PricewaterhouseCoopers Survey Raises Questions on Enterprise Risk Management

July 2, 2008

A new survey, released by PricewaterhouseCoopers (PWC) London office, notes that although significant progress has been made by the insurance industry in adopting enterprise risk management (ERM) techniques, questions still remain concerning their effectiveness.

PWC noted the “background of an ever tougher risk environment and growing demands from investors, regulators and rating agencies. However, the accounting firm also indicated that “many insurers and other financial services organizations are asking questions about the effectiveness of ERM and its ability to deliver a return on investment or meet the expectations of stakeholders.”

There has been “good progress” in terms of “developing and implementing ERM capabilities amongst insurers,” said PWC. “More than 90 percent of survey respondents have ERM programs in place and see it as an opportunity to improve decision-making and increase shareholder value. ERM is also clearly a boardroom priority across the industry, (66 percent strongly agree and 23 percent slightly agree), with some 40 percent of respondents stating that their firm has a board-level ERM committee.
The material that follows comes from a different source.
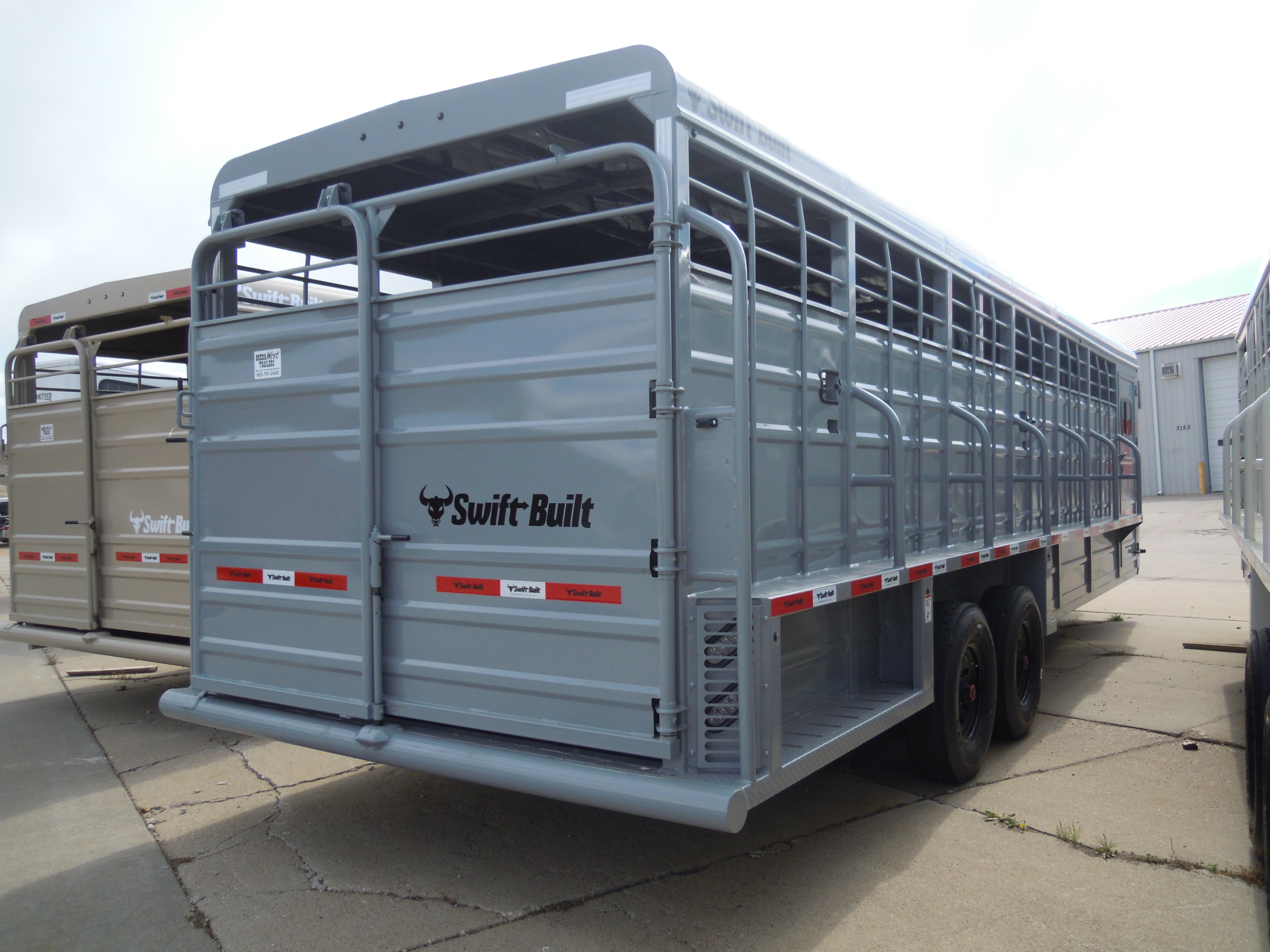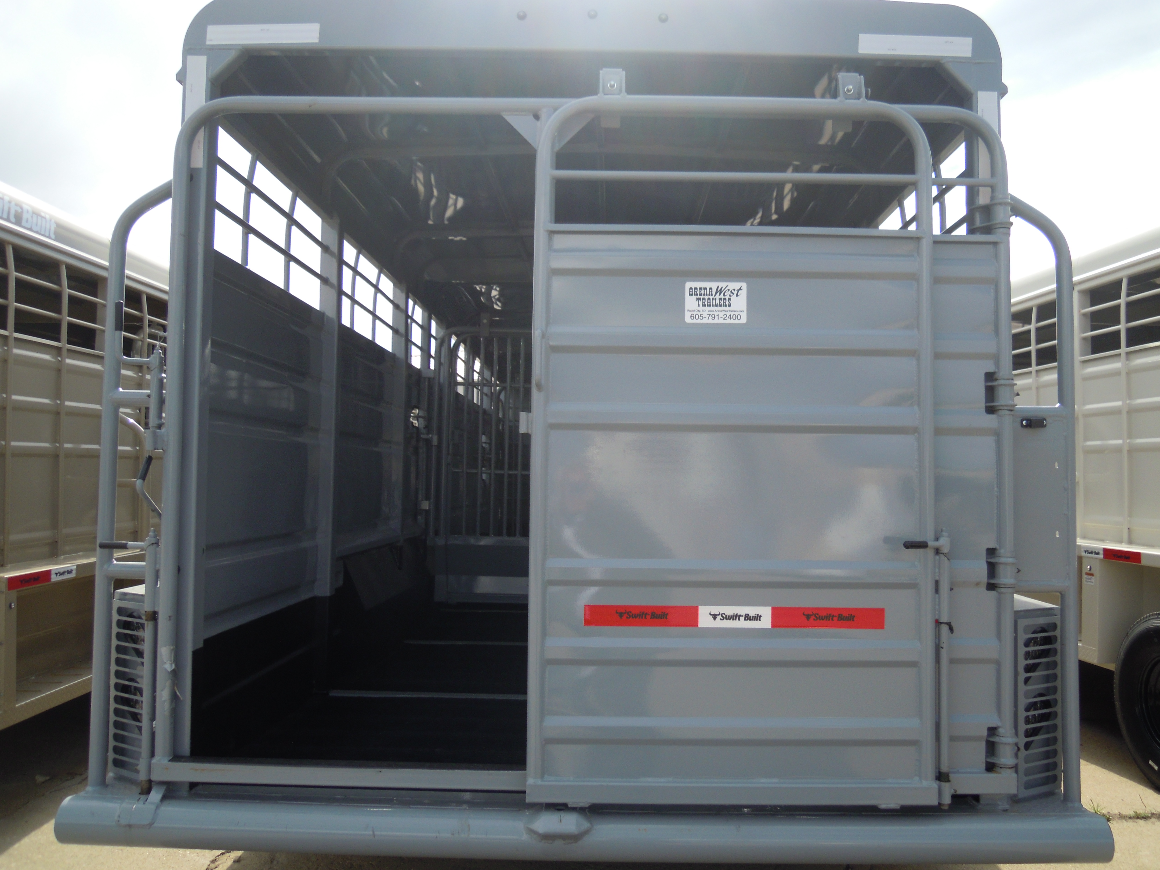 CUSSTOM ORDERED 2026 SWIFT 7X28 STOCK COMBO. 4' STCK WITH DOOR ON EACH SIDE, SWING OUT SADDLE RACK EACH SIDE WITH 3 SADDLE HOLDERS ON EACH SIDE. BRIDLE HOLDERS, BLANKET RACKS AND BRUSH BUCKETS. TWO GATES WITH HALF SLIDES AND REAR IS FULL SWING WITH HALF SLIDE. 4' WIDE ESCAPE DOOR, TWO 8K AXLES, 14 PLY TIRES INCLUDING SPARE. LIFE TIME WARRANTY ON RUBBER PLANK FLOORS.

“The role of the chief risk officer (CRO) is also gaining in stature with around 60 percent of firms saying that their CRO communicates directly with the board on at least some risk management issues.”

However, the report continued, “despite progress at the top, the study found that ERM is, in many cases, neither relevant to nor clearly understood by business teams. It is not fully embedded into strategic decisions and its integration into day-to-day decision making and frontline risk taking within many insurance companies remains limited, potentially undermining its ability to deal with a more complex risk environment and more exacting stakeholder expectations. “Fewer than half of survey participants are confident that ERM has been embedded into their strategic planning, resource allocation and performance management functions.”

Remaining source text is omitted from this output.